The Power of Many: Abstractions, Models and Tools for Scalable Approaches for Many Simulations
There are several important science and engineering problems that require the coordinated execution of multiple high-performance simulations. Some common scenarios include but are not limited to, "an ensemble of tasks", "loosely-coupled simulations of tightly-coupled simulations" or "multi-component multi-physics simulations". We posit that the tools and capabilities to support scalable requirements of multiple simulations are limited. A promising way to overcome this surprisingly common limitation is the use of "Pilot-Jobs" --- which can be defined as a container job to provide mullet-level scheduling capabilities via an application-level overlay on system schedulers. We discuss both the theory and practice of Pilot abstractions: Specifically, we introduce the P* Model of Pilot-abstractions, and present "RADICAL-Pilot" -- a SAGA-based extensible, interoperable and scalable implementation of the P* Model. We will present several science problems that have/are using RADICAL-Pilot to execute multiple simulations at unprecedented scales on a range of supercomputers and distributed supercomputing infrastructure such as (the US) NSF XSEDE. In the process, we will convey some of the cyberinfrastructure research questions and "practical" challenges that we have addressed in order to support science at scale.
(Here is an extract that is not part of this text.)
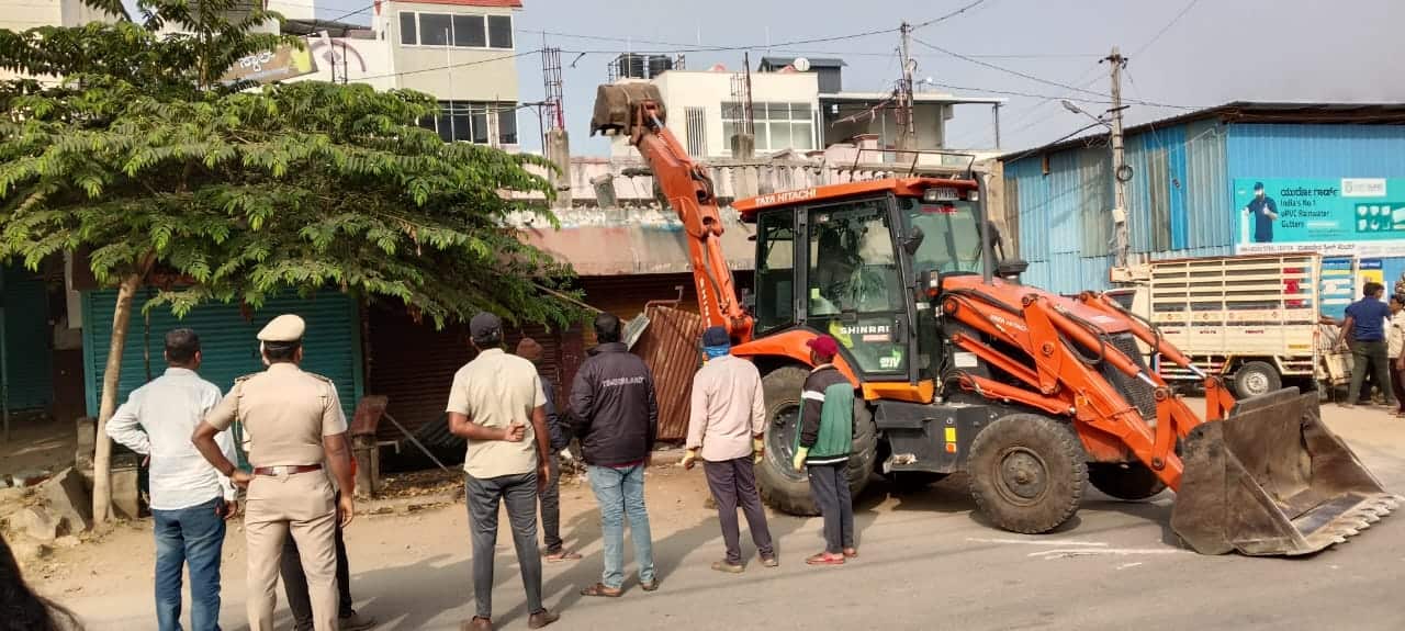 ನಂತರ ಜೆಸಿಬಿ ಮತ್ತು ಟ್ರ್ಯಾಕ್ಟರ್ ಗಳ ಸಹಾಯದಿಂದ ಸಾರ್ವಜನಿಕರ ಸಂಚಾರಕ್ಕೆ ಅಡ್ಡಿಯಾಗಿದ್ದ ಕೆಲವು ಅಂಗಡಿಗಳನ್ನು ಪೌರ ಕಾರ್ಮಿಕರ ಸಹಾಯದಿಂದ ಅಧಿಕಾರಿಗಳು ನೆಲಸಮಗೊಳಿಸಿದರು. ಅಧಿಕಾರಿಗಳ ಕ್ರಮಕ್ಕೆ ಬೆದರಿದ ಕೆಲವು ವರ್ತಕರುಗಳು ತಾವೇ ಸ್ವಯಂ ಪ್ರೇರಿತರಾಗಿ ಅಂಗಡಿ ಮುಂಭಾಗದ ಕಬ್ಬಿಣದ ಶೀಟ್ ಗಳನ್ನು ತೆರವು ಮಾಡಿಕೊಂಡರು.ಲೋಕೋಪಯೋಗಿ ಇಲಾಖೆ ಸಹಾಯಕ ಕಾರ್ಯಪಾಲಕ ಎಂಜಿನಿಯರ್ ದೇವಾನಂದ, ನಗರಸಭೆ ಎಡಿಎಲ್ ರಾಜೇಶ್, ಕಂದಾಯ ನಿರೀಕ್ಷಕ ಪುಟ್ಟಸ್ವಾಮಿ, ಪರಿಸರ ಅಭಿಯಂತರ ಅರ್ಚನ ಆರಾಧ್ಯ, ಪ್ರಶಾಂತ್ ಮತ್ತಿತರ ಅಧಿಕಾರಿಗಳು ಹಾಗೂ ನಗರಸಭೆ ಸಿಬ್ಬಂದಿ ಕಾರ್ಯಾಚರಣೆಯಲ್ಲಿ ಭಾಗವಹಿಸಿದ್ದರು.

Shantenu is an Assistant Professor at Rutgers University, and a Visiting Scientist at the School of Informatics (University of Edinburgh) and at University College London. Before moving to Rutgers, he was the lead for Cyberinfrastructure Research and Development at the CCT at Louisiana State University. His research interests lie at the triple point of Applied Computing, Cyberinfrastructure R&D and Computational Science. Shantenu is the lead investigator of the SAGA project (http://www.saga-project.org), which is a community standard and is part of the official middleware/software stack of most major Production Distributed Cyberinfrastructure -- such as US NSF's XSEDE and the European Grid Infrastructure. His research is funded by multiple NSF and US Department of Energy and recently by US National Institute for Health (NIH) as well as the UK EPSRC (OMII-UK project and Research theme at the e-Science Institute). He is the recipient of the NSF CAREER Award in 2013 and has won several prestigious awards at ACM/IEEE Supercomputing and the International Supercomputing Series. He seeks fearless and revolutionary young minds to join the RADICAL (thinking) group! Away from work, Jha tries middle-distance running and biking, tends to be an economics-junky, enjoys reading and writing random musings and tries to use his copious amounts of free time with a conscience.